Why, indeed. Frank Gens, senior vice president of research at IDC, has identified "commodity servers" as the third-largest IT opportunity through the year 2000. (The first two are Internet/ intranet services and network equipment.) Most servers sold today are under the $US100,000 price point, he reports. This is the largest segment of the market and the second fastest growing. In the next three years, servers running Windows NT are expected to roar ahead at a 44 per cent compound annual growth rate, while Intel-based servers will increase at a 23 per cent clip.

Poised to grow

As a result, server revenue driven through indirect distribution channels will leap from a mere 20 per cent in 1995 to 42 per cent by 2000 - and force many mid-range integrators with a product-centric business model to grow or die, eat or be eaten. Conventional wisdom explains the merger-and-acquisition frenzy currently gripping the integration community as an effect of the IT labour crunch. But that analysis ignores or underestimates the far-reaching efficiency demands of commodity computing.

A quick history lesson might help. Like NT-based commodity servers today, electric motors of the 1860s tended to be overlaid on to existing, centralised systems. It wasn't until about 1910 that motors were cheap enough and easy enough to use for individual machines. Over the next 40 years, that distributed power would drive labour productivity up 50 per cent.

But when electricity was first introduced and for many years after, labour productivity in manufacturing slowed because the technology was difficult to integrate and exploit - shades of IT's "productivity paradox".

We're barely 20 years into the Third Industrial Revolution, its beginning pegged at 1974, three years after the birth of microprocessors, when IT equipment prices started plummeting and product cycles shortened from years to months. Finally, server-based computing is poised to shoot up a steep "diffusion curve" - the time line between a new technology's introduction and its widespread use.

On average, new products take about 15 years to rise from a 10 per cent to 90 per cent diffusion level. (The ratio of desk workers to desktop PCs in the US business market is already 1:1 or 100 per cent diffusion.)It's the last five years or so in the curve that are a bitch - when product prices sink the fastest and lowest, when suppliers that fail to create critical efficiencies suffer most, when price can no longer be equated with scarcity or complexity.

This pricing dynamic is what many Unix-platform vendors and integrators have a tough time accepting. "Unix products shouldn't be priced to compete with Wintel products," they gripe.

"Unix is far more complex" (or "powerful" or "scaleable"). The premise here is Marx's theory of intrinsic value - that there's a "fair" or "just" price for everything, above the law of supply and demand.

Nonsense, of course. The value of anything is determined subjectively by what any given buyer is willing to pay - in this case, middle-market IT buyers with strong needs and relatively weak budgets.

Clearly some integrators know this and have embraced commodity computing with a ven-geance. Witness Ernst & Young Technologies' new "palletised solutions" initiative for NT-based mid-range applications, emphasising low cost and rapid deployment. (Java-based platforms are next.) Other large integrators, such as Andersen Consulting and MCI Systemhouse, are busy building similar business units.

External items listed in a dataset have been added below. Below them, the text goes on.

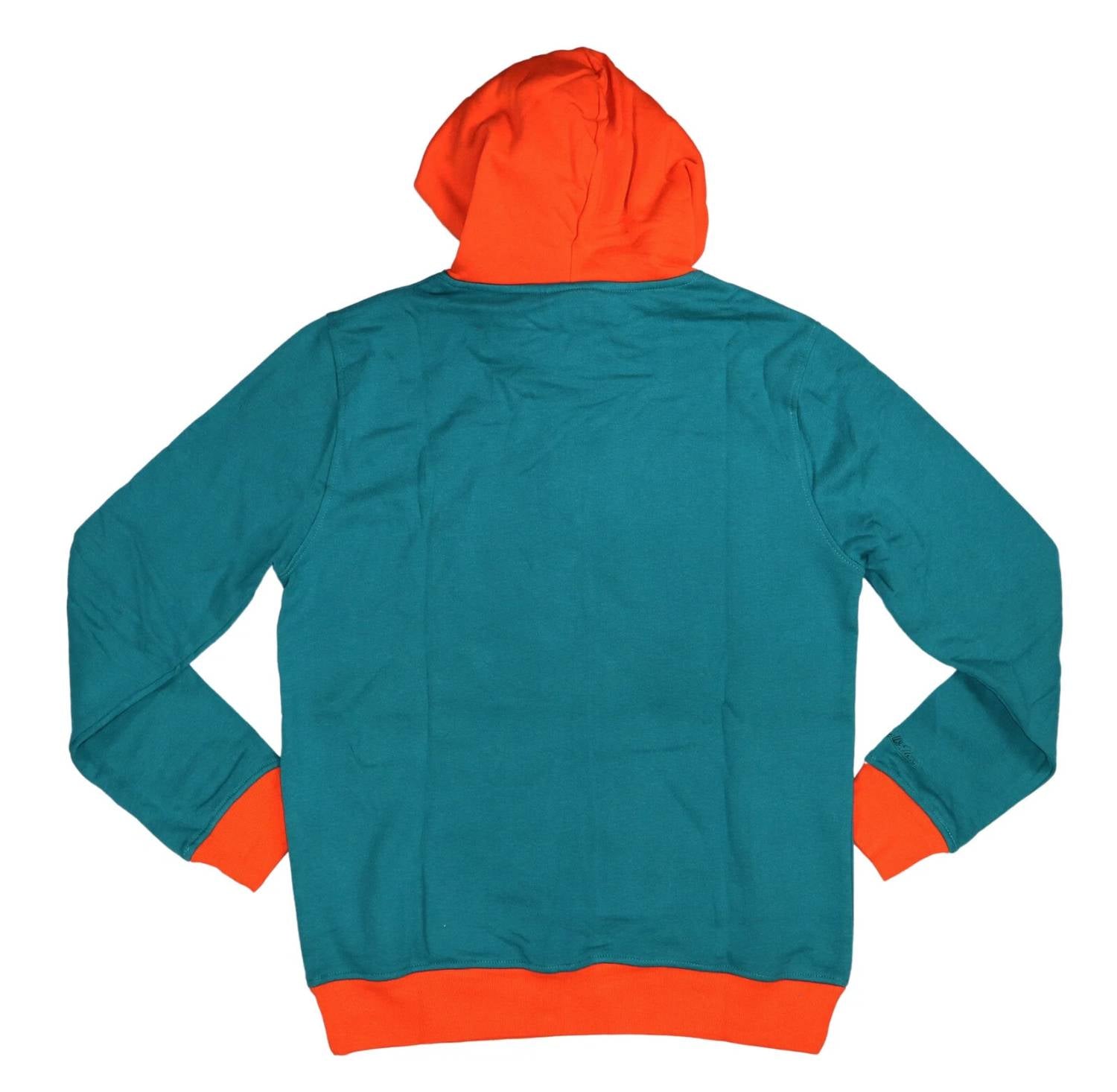 Stay stylish and cozy this fall with the Mitchell & Ness Men's Miami Dolphins NFL Throwbacks Hoodie Sweatshirt in vibrant green and orange. Designed with long sleeves and made from a high-quality blend of 80% cotton and 20% polyester, this regular fit pullover hoodie boasts a hooded neckline with a drawstring and a front kangaroo pouch for added convenience. Featuring an oversized throwback team logo, it’s a perfect choice for game day or streetwear enthusiasts. Closure is a pull-on style, and it is machine washable for easy care.
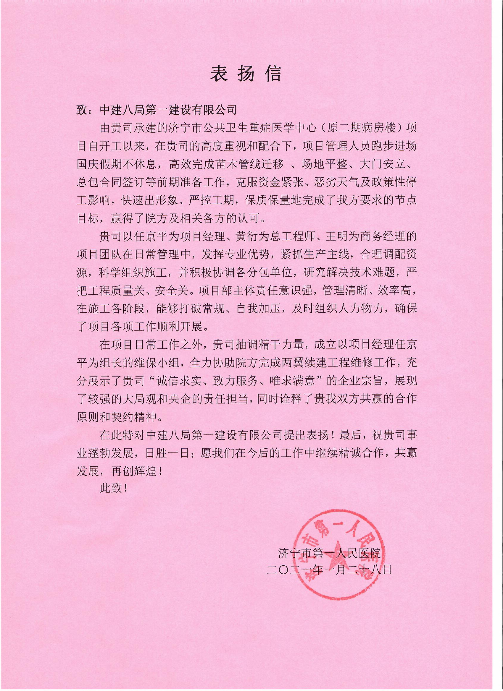 2月1日,濟寧市公共衛生重癥醫學中心項目部收到來自業主濟寧市第一人民醫院的一封表揚信。
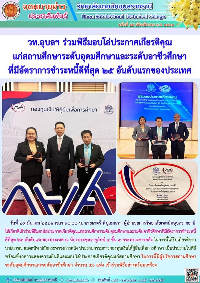 วันที่ ๒๙ มีนาคม ๒๕๖๗ เวลา ๑๐.๐๐ น. นายธาตรี พิบูลมณฑา ผู้อำนวยการวิทยาลัยเทคนิคอุบลราชธานี (เพิ่มเติม…)
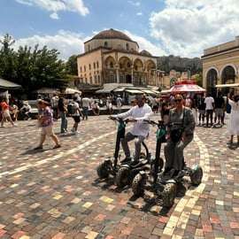 La nostra avventura inizia nell'incantevole quartiere di Plaka, il più antico e pittoresco di Atene. Mentre il sole splende, ci attrezzeremo con i nostri scooter elettrici a quattro ruote, pronti a scoprire il ricco paesaggio storico della città.

And services, naturally, will not be exempt from the efficiency demands of the commodity model. SAP America is clearly on to something big with its "accelerators" concept for lower-cost implementation of R/3 applications.

Comparative advantage

Likewise, HP's simplified enterprise computing seeks to streamline NT deployment and integration, shrinking total cost of ownership.

Such productising - dare I say it, commoditising - of IT services is already the next key comparative advantage among integrators. Those who fail to wring the costs out of building intellectual capital and putting it to work probably won't be toasting the new millennium.